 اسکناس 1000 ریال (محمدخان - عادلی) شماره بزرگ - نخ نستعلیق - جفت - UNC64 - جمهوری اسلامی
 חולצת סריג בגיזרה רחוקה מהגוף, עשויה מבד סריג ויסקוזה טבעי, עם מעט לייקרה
▬▬▬▬▬▬
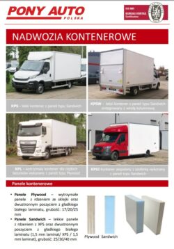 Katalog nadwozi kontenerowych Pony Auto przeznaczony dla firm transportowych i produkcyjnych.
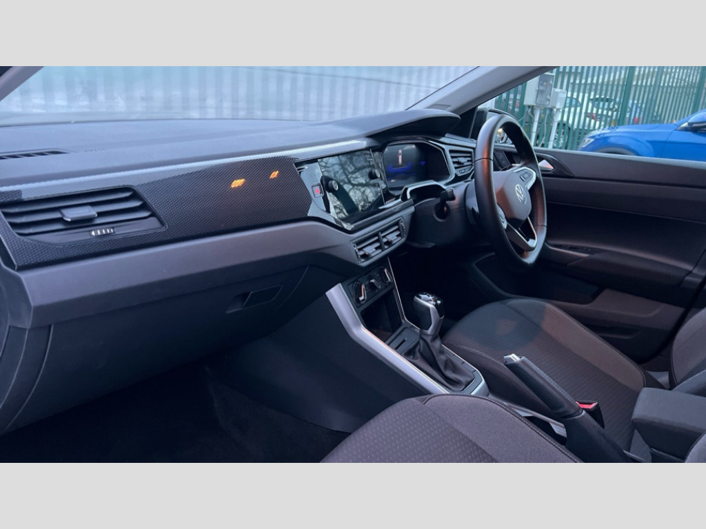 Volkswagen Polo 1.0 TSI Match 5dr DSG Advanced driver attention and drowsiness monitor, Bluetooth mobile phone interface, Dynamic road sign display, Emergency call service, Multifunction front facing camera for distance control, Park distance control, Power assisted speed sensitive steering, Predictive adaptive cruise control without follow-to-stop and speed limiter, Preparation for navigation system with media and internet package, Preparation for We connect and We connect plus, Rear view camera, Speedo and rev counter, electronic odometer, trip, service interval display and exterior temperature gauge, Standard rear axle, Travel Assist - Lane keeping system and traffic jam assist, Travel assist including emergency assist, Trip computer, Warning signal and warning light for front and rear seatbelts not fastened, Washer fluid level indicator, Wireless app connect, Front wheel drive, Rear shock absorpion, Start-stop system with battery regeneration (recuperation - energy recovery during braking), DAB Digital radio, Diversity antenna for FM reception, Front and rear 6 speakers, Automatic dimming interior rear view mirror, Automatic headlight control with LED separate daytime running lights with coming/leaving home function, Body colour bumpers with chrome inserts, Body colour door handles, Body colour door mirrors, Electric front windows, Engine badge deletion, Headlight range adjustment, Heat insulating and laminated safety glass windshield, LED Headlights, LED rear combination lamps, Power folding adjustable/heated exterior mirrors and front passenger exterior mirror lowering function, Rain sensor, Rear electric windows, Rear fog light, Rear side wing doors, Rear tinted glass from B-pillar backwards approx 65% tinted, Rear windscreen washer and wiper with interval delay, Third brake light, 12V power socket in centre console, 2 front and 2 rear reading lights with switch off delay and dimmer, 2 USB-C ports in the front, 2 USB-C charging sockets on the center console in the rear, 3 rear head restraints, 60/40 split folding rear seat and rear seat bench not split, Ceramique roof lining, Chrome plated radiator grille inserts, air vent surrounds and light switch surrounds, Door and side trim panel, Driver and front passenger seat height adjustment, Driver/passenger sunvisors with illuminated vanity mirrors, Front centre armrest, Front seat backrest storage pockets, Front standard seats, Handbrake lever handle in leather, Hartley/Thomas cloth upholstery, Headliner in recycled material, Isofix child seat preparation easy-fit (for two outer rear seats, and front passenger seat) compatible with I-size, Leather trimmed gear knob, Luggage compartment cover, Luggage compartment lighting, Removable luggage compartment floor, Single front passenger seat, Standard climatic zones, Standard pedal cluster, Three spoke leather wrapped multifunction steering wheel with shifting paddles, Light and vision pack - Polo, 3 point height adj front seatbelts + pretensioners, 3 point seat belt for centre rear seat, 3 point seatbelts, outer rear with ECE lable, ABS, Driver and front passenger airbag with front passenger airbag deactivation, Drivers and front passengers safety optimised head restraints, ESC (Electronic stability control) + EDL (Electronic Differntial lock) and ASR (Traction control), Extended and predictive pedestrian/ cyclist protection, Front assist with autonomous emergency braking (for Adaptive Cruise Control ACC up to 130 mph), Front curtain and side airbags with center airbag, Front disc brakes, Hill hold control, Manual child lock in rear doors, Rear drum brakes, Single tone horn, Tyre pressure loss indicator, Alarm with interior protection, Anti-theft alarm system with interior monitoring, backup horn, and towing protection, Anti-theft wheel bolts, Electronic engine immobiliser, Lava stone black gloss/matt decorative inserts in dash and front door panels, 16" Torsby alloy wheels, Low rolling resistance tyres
▬▬▬▬▬▬
Where the line holding "اسکناس 1000 ریال" appears in the listing above, start reproducing exactly, and end with the line holding "חולצת סריג בגיזרה".

• _Reply_
 اسکناس 1000 ریال (محمدخان - عادلی) شماره بزرگ - نخ نستعلیق - جفت - UNC64 - جمهوری اسلامی
 חולצת סריג בגיזרה רחוקה מהגוף, עשויה מבד סריג ויסקוזה טבעי, עם מעט לייקרה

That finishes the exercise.